_Work required_
In the records below, find the line that contains "Şafaktepe - Kadıoğlu" and the line that contains "Matching Set Tiffany"; write out exactly those two lines and everything between them, without the pictures.

_Records provided_
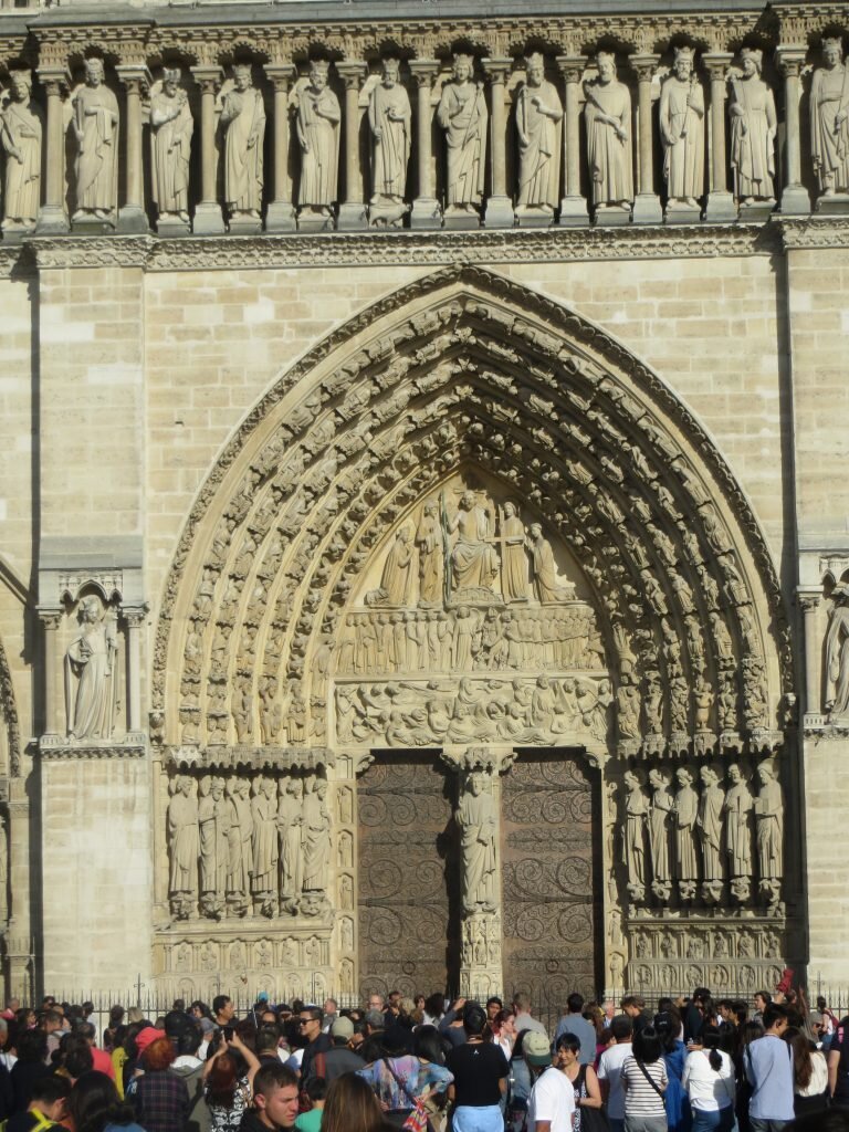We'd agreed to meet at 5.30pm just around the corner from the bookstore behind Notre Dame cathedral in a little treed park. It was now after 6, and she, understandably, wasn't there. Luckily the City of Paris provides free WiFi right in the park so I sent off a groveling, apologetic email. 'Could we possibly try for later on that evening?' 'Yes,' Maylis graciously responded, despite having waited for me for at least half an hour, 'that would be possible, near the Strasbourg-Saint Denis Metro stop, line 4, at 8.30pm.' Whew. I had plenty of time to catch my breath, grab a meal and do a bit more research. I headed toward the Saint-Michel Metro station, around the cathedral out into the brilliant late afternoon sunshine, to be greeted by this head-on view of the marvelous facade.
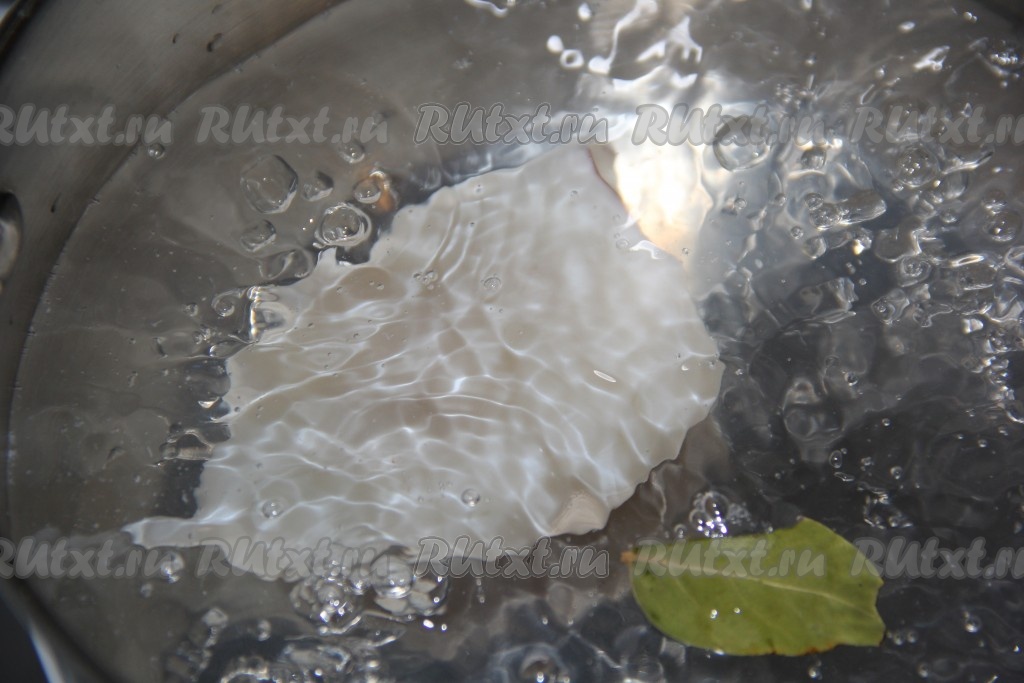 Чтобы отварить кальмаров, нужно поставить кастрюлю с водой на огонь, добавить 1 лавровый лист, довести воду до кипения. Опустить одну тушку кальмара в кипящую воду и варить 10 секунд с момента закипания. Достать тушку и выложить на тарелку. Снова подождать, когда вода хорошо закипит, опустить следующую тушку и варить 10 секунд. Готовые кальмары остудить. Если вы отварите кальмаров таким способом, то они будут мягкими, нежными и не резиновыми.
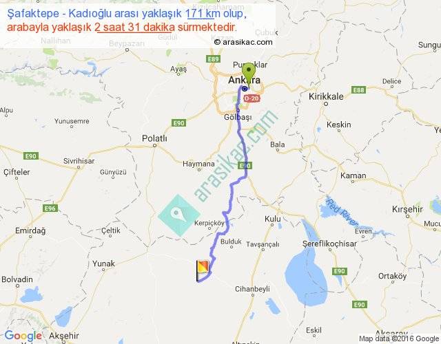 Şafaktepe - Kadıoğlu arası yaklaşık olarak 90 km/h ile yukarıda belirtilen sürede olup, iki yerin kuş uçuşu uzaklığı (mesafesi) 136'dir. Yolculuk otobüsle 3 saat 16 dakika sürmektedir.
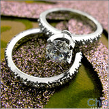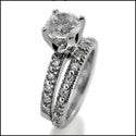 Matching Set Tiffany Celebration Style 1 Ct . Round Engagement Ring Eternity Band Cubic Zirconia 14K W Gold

---

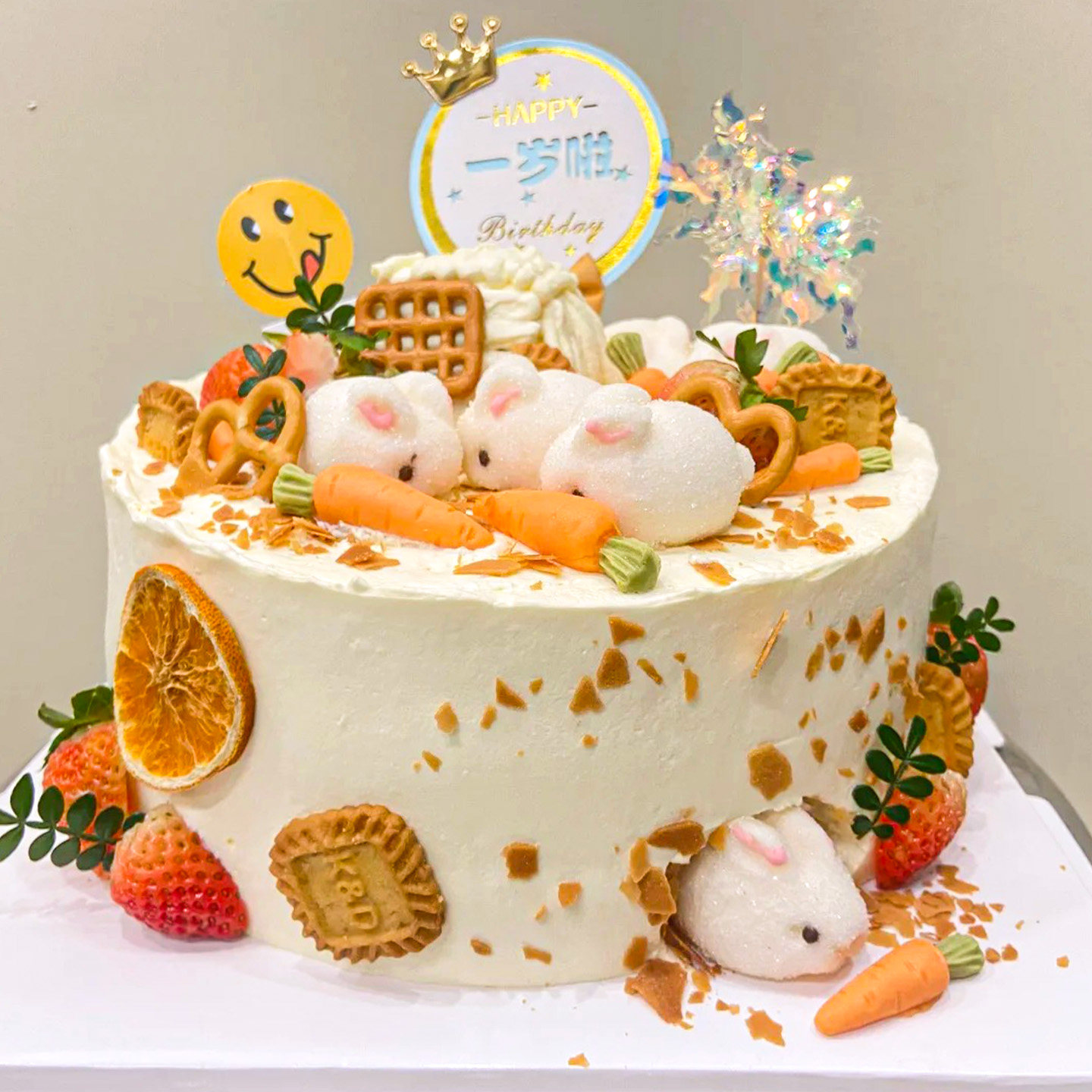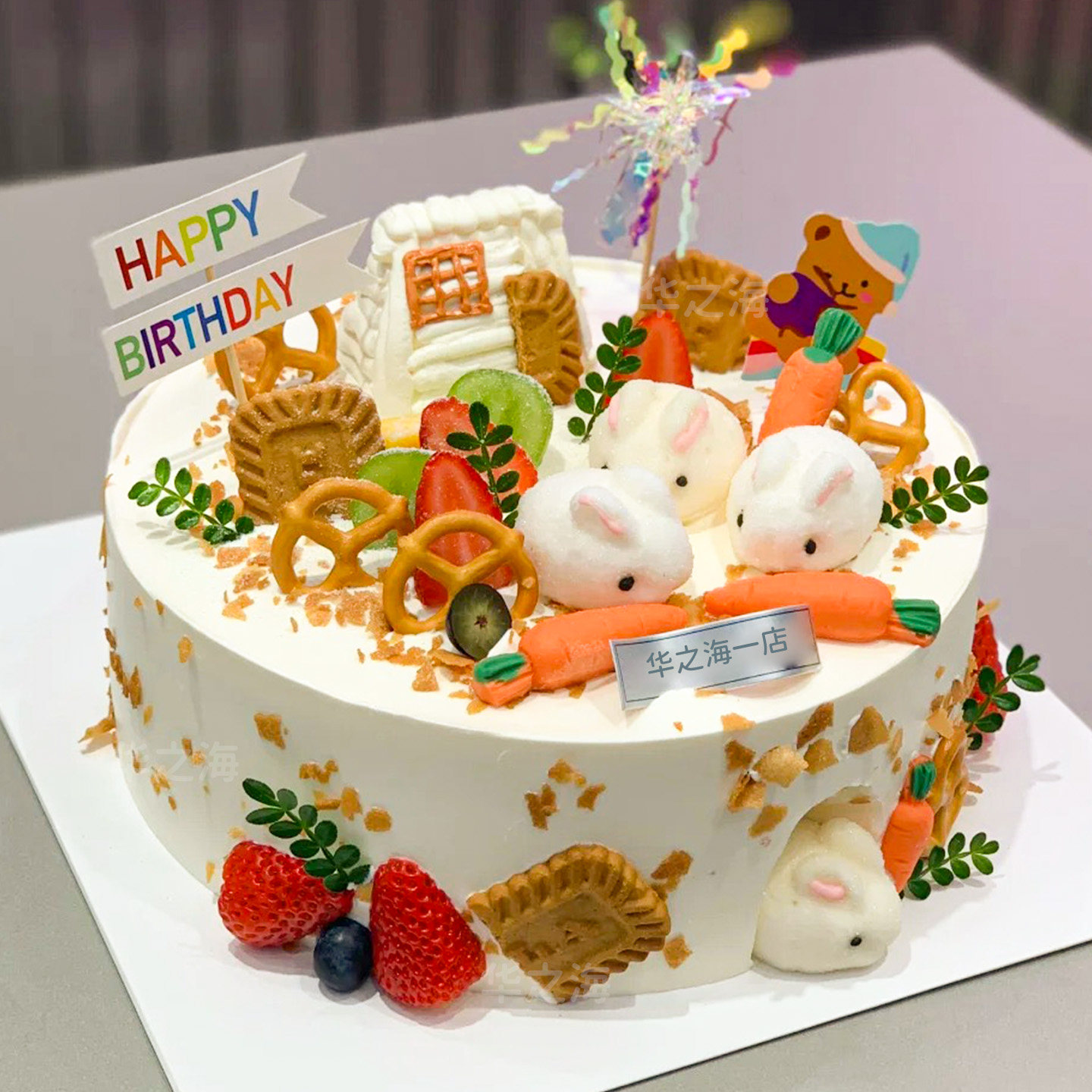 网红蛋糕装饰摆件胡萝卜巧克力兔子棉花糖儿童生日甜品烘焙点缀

_Solution_
 Şafaktepe - Kadıoğlu arası yaklaşık olarak 90 km/h ile yukarıda belirtilen sürede olup, iki yerin kuş uçuşu uzaklığı (mesafesi) 136'dir. Yolculuk otobüsle 3 saat 16 dakika sürmektedir.
 Matching Set Tiffany Celebration Style 1 Ct . Round Engagement Ring Eternity Band Cubic Zirconia 14K W Gold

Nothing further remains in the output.